We investigate the parameterized complexity of Vertex Cover parameterized above the optimum value of the linear programming (LP) relaxation of the integer linear programming formulation of the problem. By carefully analyzing the change in the LP value in the branching steps, we argue that even the most straightforward branching algorithm (after some preprocessing) results in an O^*(2.6181^r) algorithm for the problem where r is the excess of the

vertex cover size over the LP optimum. We write O^*(f(k)) for a time complexity of the form O(f(k)n^{O(1)}), where f(k) grows exponentially with k.

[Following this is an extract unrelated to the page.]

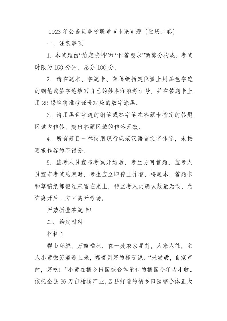 / 2023年公务员多省联考《申论》题(重庆二卷)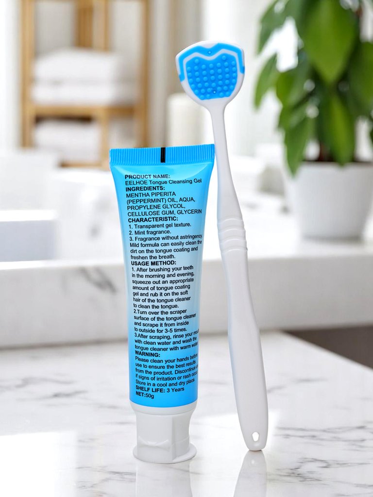 - Nyelvhigiéniai gél kefével, amely hatékonyan eltávolítja a baktériumokat, lerakódásokat és kellemetlen szagokat, támogatva a friss leheletet és az átfogó szájhigiéniát.

Then, using known and new reductions, we give O^*(2.6181^k) algorithms for the parameterized versions of Above Guarantee Vertex Cover, Odd Cycle Transversal, Split Vertex Deletion and Almost 2-SAT, and an O^*(1.6181^k) algorithm for Konig Vertex Deletion, Vertex Cover Param by OCT and Vertex Cover Param by KVD. These algorithms significantly improve the best known bounds for these problems. The notable improvement is the bound for Odd Cycle Transversal for which this is the first major improvement after the first algorithm that showed it fixed-parameter tractable in 2003. We also observe that using our algorithm, one can obtain a simple kernel for the classical vertex cover problem with at most 2k-O(log k) vertices.